# ESML - `AutoMLFactory` and `ComputeFactory`

## PROJECT + DATA CONCEPTS + ENTERPRISE Datalake Design + DEV->PROD MLOps
- `1)ESML Project`: The ONLY thing you need to remember is your `Project number` (and `BRONZE, SILVER, GOLD` concept )
   -  ...`read earlier notebook
## ENTERPRISE Deployment of Models & Governance - MLOps  at scale
- `3) DEV->TEST-PROD` (configs, compute, performance)
    - ESML has config for 3 environemnts: Easy DEPLOY model across subscriptions and Azure ML Studio workspaces 
        - Save costs & time: 
            - `DEV` has cheaper compute performance for TRAIN and INFERENCE (batch, AKS)
            - `DEV` has Quick-debug ML training (fast training...VS good scoring in TEST and PROD)
        - How?

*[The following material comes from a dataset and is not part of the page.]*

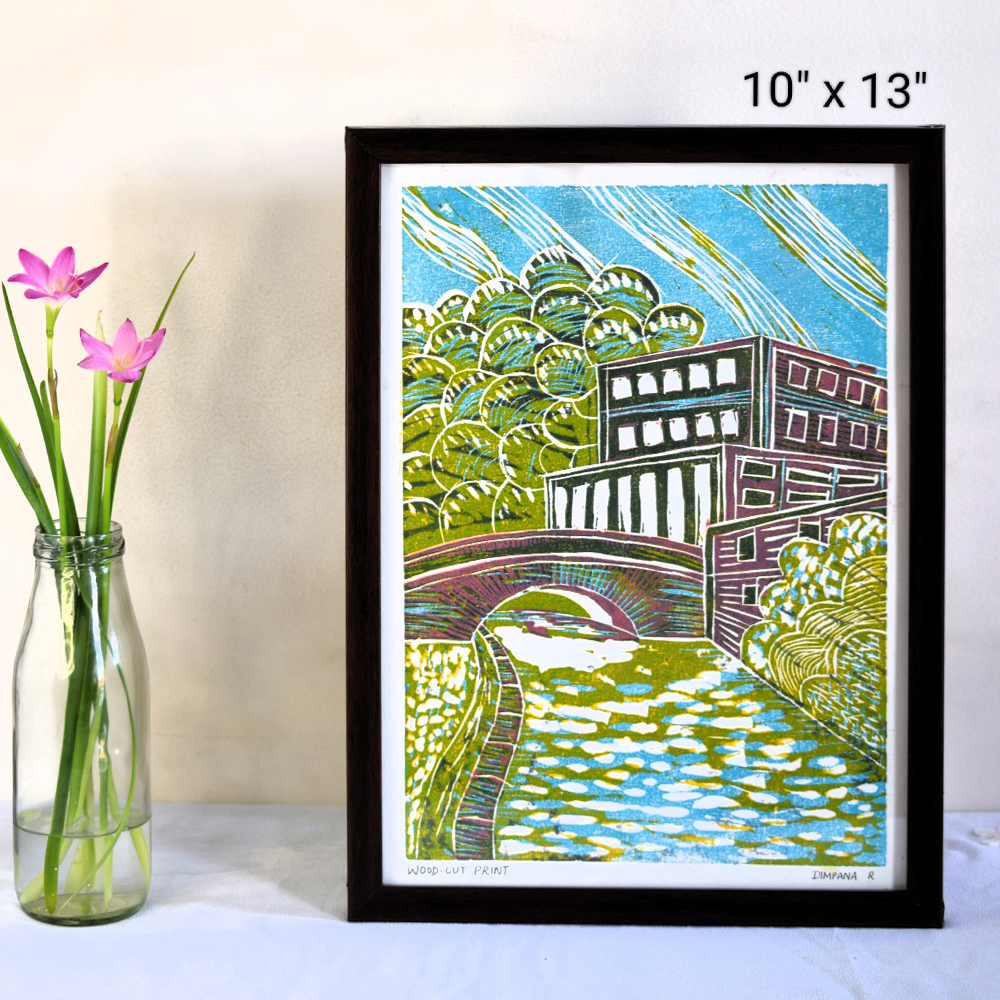 A vibrant and stylized woodcut print depicting a cityscape with a prominent arched bridge over a flowing river, set against a backdrop of modern buildings and lush green trees. The dynamic lines and bold textures add a sense of movement to the sky and water, while the use of contrasting hues like blue, olive green, and maroon gives the artwork a unique and contemporary charm. This handcrafted print blends architectural structure with natural beauty, perfect for collectors of printmaking and modern art.

ESML `AutoMLFactory` and `ComputeFactory`
        - Where to config these?
            - settings/dev_test_prod/`dev_test_prod_settings.json`
            - settings/dev_test_prod/`train/*/automl/*`

In [1]:
import json
sys.path.append(os.path.abspath("../azure-enterprise-scale-ml/esml/common/"))  # NOQA: E402
from esml import ESMLDataset, ESMLProject

# Note: These and the other configs for TRAIN and AutoML are self-booting from ESMLProject
try:
    with open("../settings/active_dev_test_prod.json") as f2: # Enterprise: MSFT-WEU-EAP_PROJECT{}_AI-{}-RG
        active_env =  json.load(f2)
    with open("../settings/enterprise_specific/dev_test_prod_settings.json") as f:
        environment_settings = json.load(f)
        environment_settings["active_dev_test_prod"] = active_env["active_dev_test_prod"]
    with open("../settings/project_specific/model/lake_settings.json") as f:
        esml_settings = json.load(f)
    with open("../settings/project_specific/security_config.json") as f2: # Project service principles, etc
        security_config = json.load(f2)
except Exception as e:
    raise Exception("Could not open config.json or storage_config.json - could not load experimentname, or access storage") from e

os.getcwd()

'c:\\Users\\jostrm\\OneDrive - Microsoft\\0_GIT\\2_My\\github2\\azure-enterprise-scale-ml-usage\\notebook_demos'

In [2]:
p = ESMLProject(esml_settings,environment_settings,security_config) # read from config
#p = ESMLProject() #  self-booting config

# Azure ML Studio Workspace
- ESML will `Automap` and `Autoregister` Azure ML Datasets as: `IN, SILVER, BRONZE, GOLD`

In [3]:
from azureml.core import Workspace
ws = p.get_workspace_from_config()
datastore = p.init(ws)

...
....
Using GEN2 as Datastore
ds01_diabetes
ds02_other

####### Automap & Autoregister - SUCCESS!
1) Auto mapped 2 ESML Dataset with registered Azure ML Datasets (potentially all 3: IN,BRONZE, SILVER) in Datastore project002lake 

Dataset 'ds01_diabetes' status:
 - IN_Folder_has_files
 - BRONZE_Folder_has_files
 - SILVER_Folder_has_files
Dataset 'ds02_other' status:
 - IN_Folder_has_files
 - BRONZE_Folder_has_files
 - SILVER_Folder_has_files

2) Registered each Dataset with suffixes (_IN_CSV, _BRONZE, _SILVER) 
 Tip: Use ESMLProject.Datasets list or .DatasetByName(myDatasetName) to read/write
#######


# ESML `GOLD` Dataset

In [4]:
ds_01 = p.DatasetByName("ds01_diabetes")
print(ds_01.InData.name)
print(ds_01.Bronze.name)
print(ds_01.Silver.name)
#print(p.Gold.name)

M03_ds01_diabetes_IN_CSV
M03_ds01_diabetes_BRONZE
M03_ds01_diabetes_SILVER


In [5]:
df_01 = ds_01.Silver.to_pandas_dataframe() 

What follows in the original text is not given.